3.3 Prediction chemicals involved in reproductive biological processes
3.3.1 Introduction of online prediction tool
The database offers an online tool for predicting the involvement of compounds in important biological processes in mouse. Based on the significance of key reproductive processes and the subsequent profound impact and influence of chemicals, we selected the relationships between functional chemicals and reproductive processes from the ReproductiveCDB and extracted their respective features. Subsequently, we employed the deep neural method (DNN) in machine learning to build predictive models and achieve reliable results.
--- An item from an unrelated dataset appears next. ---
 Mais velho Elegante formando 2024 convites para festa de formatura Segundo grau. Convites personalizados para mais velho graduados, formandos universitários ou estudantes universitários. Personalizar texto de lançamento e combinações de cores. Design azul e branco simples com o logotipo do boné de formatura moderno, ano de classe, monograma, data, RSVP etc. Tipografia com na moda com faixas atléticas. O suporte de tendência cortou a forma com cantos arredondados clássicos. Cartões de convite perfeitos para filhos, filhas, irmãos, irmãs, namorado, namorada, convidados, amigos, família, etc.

This tool significantly enhances the practicality of the database, expands the dataset, and provides a streamlined approach, eliminating the time and effort associated with biological experiments.
3.3.2 Method of utilizing the online prediction tool
The database offers predictive examples compound (CID: 90311989), where by 1) clicking on 'Example', 2) the results page will appear. The left panel provides a visual representation of the 3D structure of the target small molecule, which can be further explored by dragging with the mouse. On the right panel, the relevance of the target molecule to crucial reproductive processes is displayed. The information is presented in a table format, including the compound's CID, the biological process's GO ID, the correlation probability between them, and a final assessment of their relevance (Yes/No) is made. (‘Yes’ for a probability greater than 0.5, denoting relevance, and ‘No’ for a probability less than 0.5, denoting irrelevance).
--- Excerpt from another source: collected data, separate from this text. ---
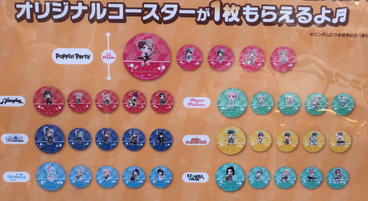 They gave away one of 35 random coasters to those who bought one Bang Dream yaki.
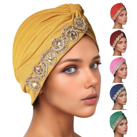 Элегантный платок-шапка: Подчеркните свой стиль нашей изысканной шапкой-платком, изготовленной из высококачественной полиэстеровой ткани.. Скрученный и плиссированный дизайн, украшенный стразами, добавляет нотку изысканности и элегантности любому наряду.
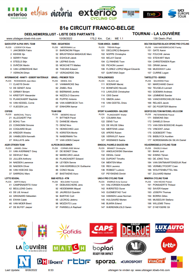 Partants. (et plus sur le site de l’organisateur ou « BELGIAN CYCLING »)
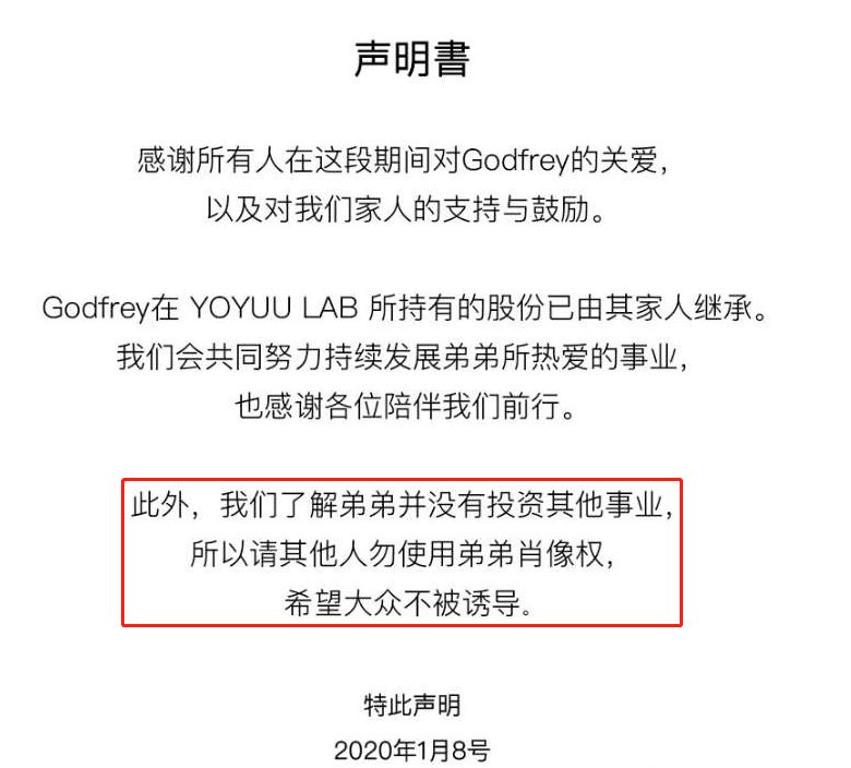 高以翔的哥哥还疑似为此发声澄清弟弟没有投资其他事业,希望其他人不要使用弟弟肖像权,也希望大家不要被诱导。

Users can conveniently utilize this tool by 1) uploading a 2D SDF file containing the structure of the target compound on the webpage, In this demonstration, we use Octyl Octanoate (CID: 61294) as an example. Its structure was retrieved from the PubChem database (https://pubchem.ncbi.nlm.nih.gov/) and uploaded to our database. 2) clicking ‘submit’, and after a brief waiting period of approximately 10 seconds, 3) subsequently receiving the predicted results regarding the compound's relevance to significant reproductive processes.
3.3.3 Browse and search of prediction results of 10,396 chemicals
The 'search and browse of prediction results' section of the database facilitates user convenience by showcasing the relationships between 10,396 tested compounds and important reproductive processes. The information is presented in a table format, including the compound's CID, the biological process's GO ID, the correlation probability between them, and a final assessment of their relevance (Yes/No) is made. (‘Yes’ for a probability greater than 0.5, denoting relevance, and ‘No’ for a probability less than 0.5, denoting irrelevance). The search functionality is also supported. 1) Users can browse or filter through biological processes of interest by clicking on them, facilitating easy exploration. 2) Alternatively, users have the option to perform targeted searches by entering the compound CID, further enhancing their ability to find specific biological processes. Users can also download the table containing all predicted results of compounds analysis from the 'Download' page.